Supplied material:
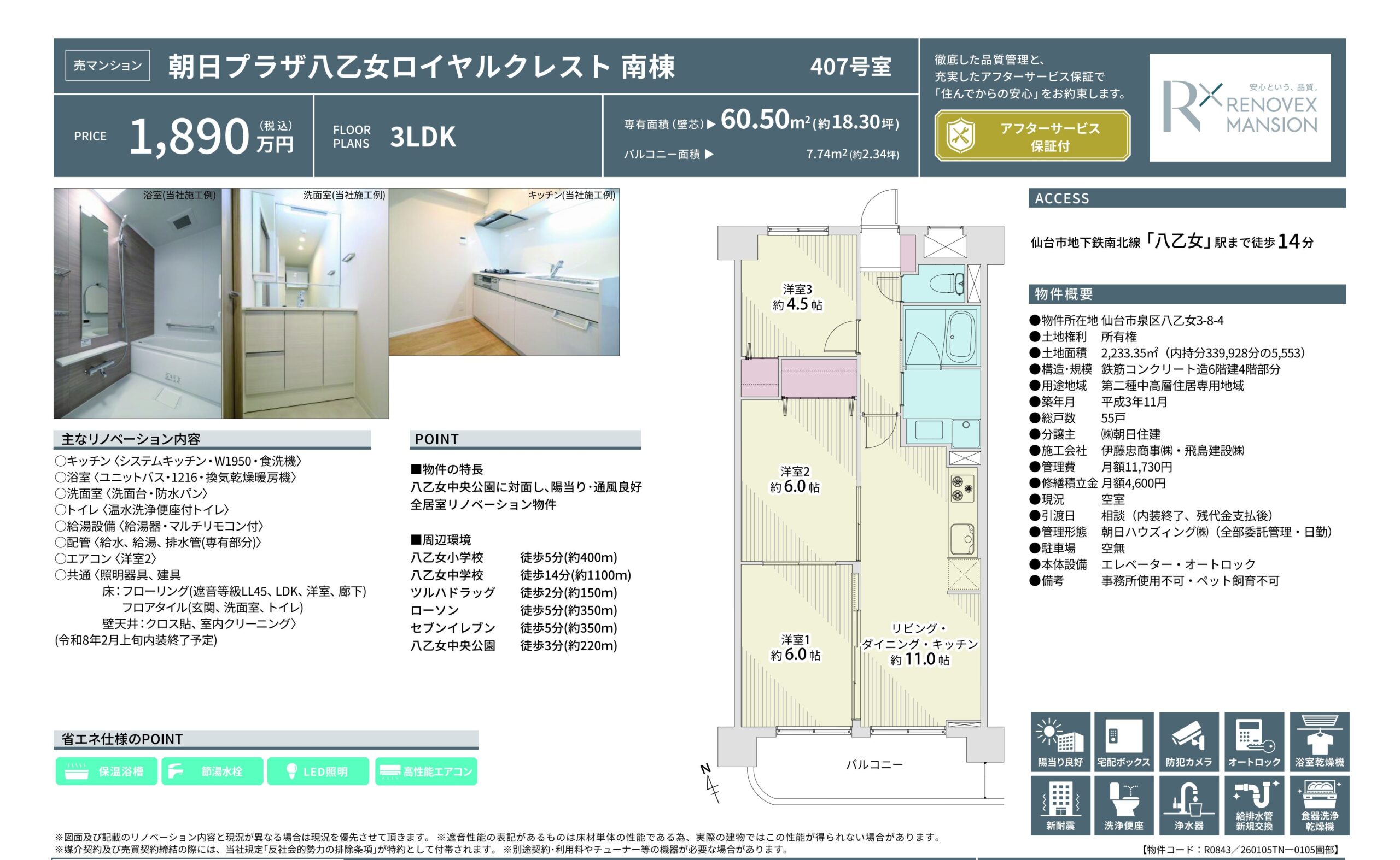 | 物件所在地 | 仙台市泉区八乙女1丁目 |
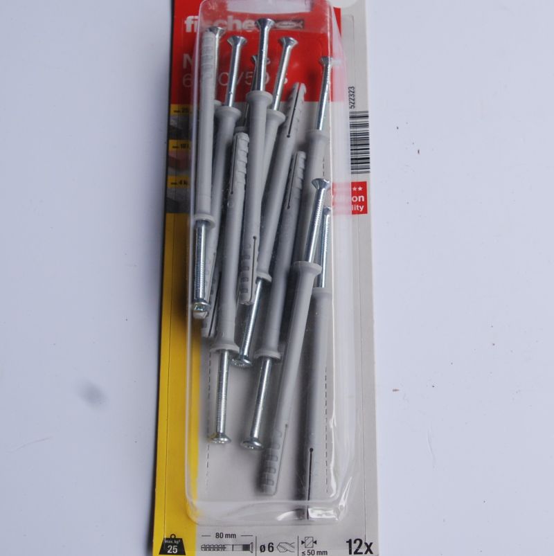 Boite de 12 chevilles à frapper N 6 x 80 S avec vis à tête fraisée FISCHER ref. 522323. Le montage rapide au marteau permet de gagner du temps : idéal pour les installations en série. Installation simple et sûre : la butée interne évite l’expansion prématurée de la cheville. Démontage ultérieur du clou possible grâce à l’empreinte cruciforme.
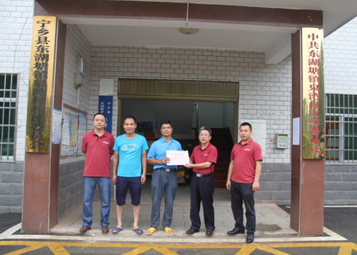 8月1日,公司總助楊意紅帶隊(duì),一行四人,帶著公司的祝福與員工的愛心,赴湖南寧鄉(xiāng)三個(gè)重災(zāi)區(qū)現(xiàn)場(chǎng)慰問、援助,先后到了東湖塘鎮(zhèn)泉塘灣村受災(zāi)特困戶,現(xiàn)場(chǎng)援助10000元;龍?zhí)镦?zhèn)七里山村,現(xiàn)場(chǎng)援助95000元;巷子口鎮(zhèn)黃鶴村,參與黃桃義賣活動(dòng)28800元。在龍?zhí)镦?zhèn)七里山村,村支部領(lǐng)導(dǎo)表示將把公司與員工的愛心款用于修建通往龍?zhí)镦?zhèn)的唯一通道——周家沖人行橋。
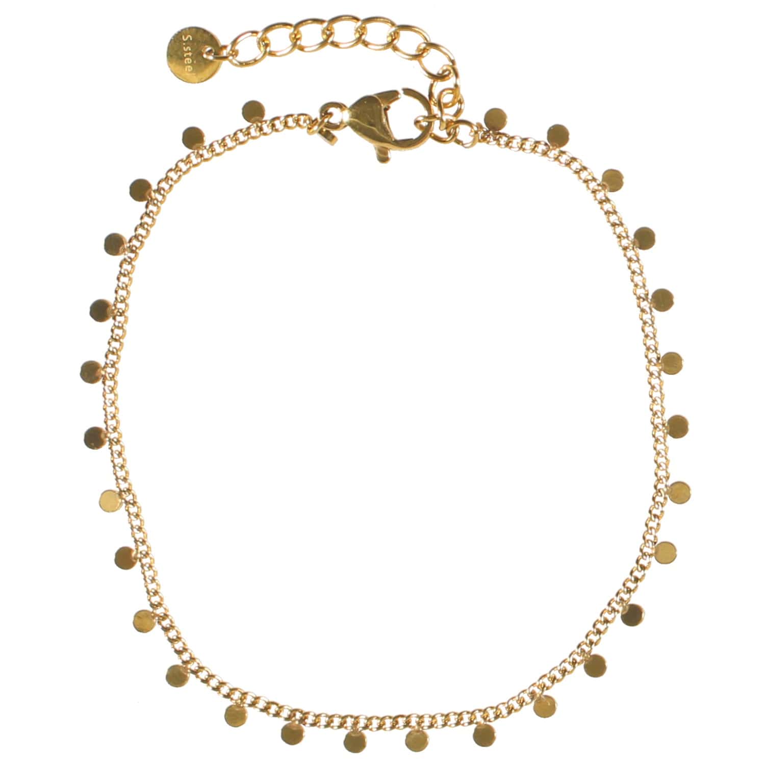Description Bracelet avec pampilles en acier doré. Fermoir mousqueton avec rallonge de 3 cm. Cliquez sur une matière, un thème, une couleur ou une collection pour voir tous les articles associés.
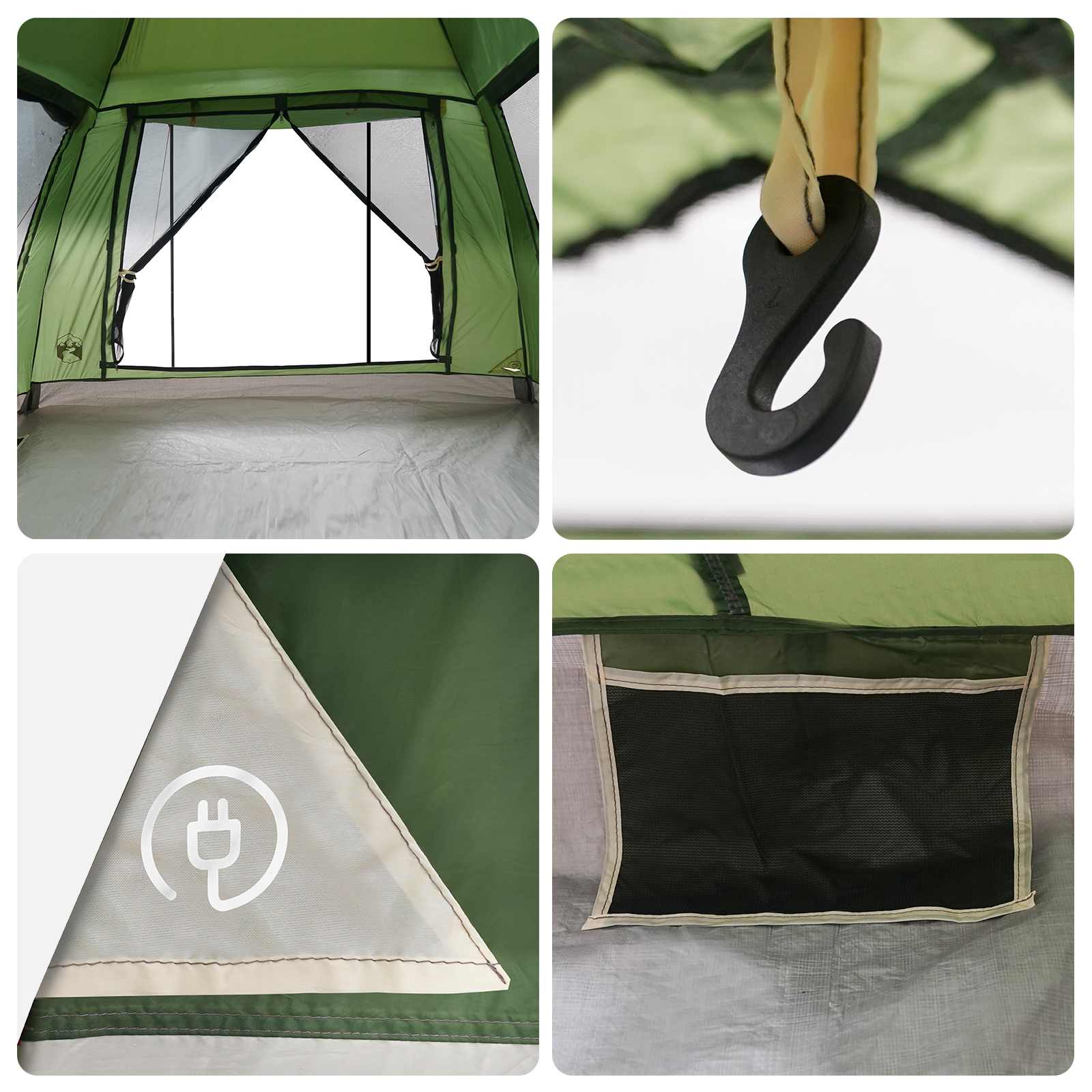 - Caracteristici de design inteligente Cu două uși cu fermoar pentru acces ușor și ventilație, și buzunare din plasă pentru lucruri esențiale. E-Port-ul face accesul la electricitate o joacă, îmbunătățind confortul aventurii tale în aer liber, iar sistemul rapid de demontare face montajul și demontajul floare la ureche.

Problem description: Pictures stay out. Transcribe the lines from the start of the entries above through the line with "8月1日,公司總助楊意紅帶隊", exactly.

Result:
 | 物件所在地 | 仙台市泉区八乙女1丁目 |
 Boite de 12 chevilles à frapper N 6 x 80 S avec vis à tête fraisée FISCHER ref. 522323. Le montage rapide au marteau permet de gagner du temps : idéal pour les installations en série. Installation simple et sûre : la butée interne évite l’expansion prématurée de la cheville. Démontage ultérieur du clou possible grâce à l’empreinte cruciforme.
 8月1日,公司總助楊意紅帶隊(duì),一行四人,帶著公司的祝福與員工的愛心,赴湖南寧鄉(xiāng)三個(gè)重災(zāi)區(qū)現(xiàn)場(chǎng)慰問、援助,先后到了東湖塘鎮(zhèn)泉塘灣村受災(zāi)特困戶,現(xiàn)場(chǎng)援助10000元;龍?zhí)镦?zhèn)七里山村,現(xiàn)場(chǎng)援助95000元;巷子口鎮(zhèn)黃鶴村,參與黃桃義賣活動(dòng)28800元。在龍?zhí)镦?zhèn)七里山村,村支部領(lǐng)導(dǎo)表示將把公司與員工的愛心款用于修建通往龍?zhí)镦?zhèn)的唯一通道——周家沖人行橋。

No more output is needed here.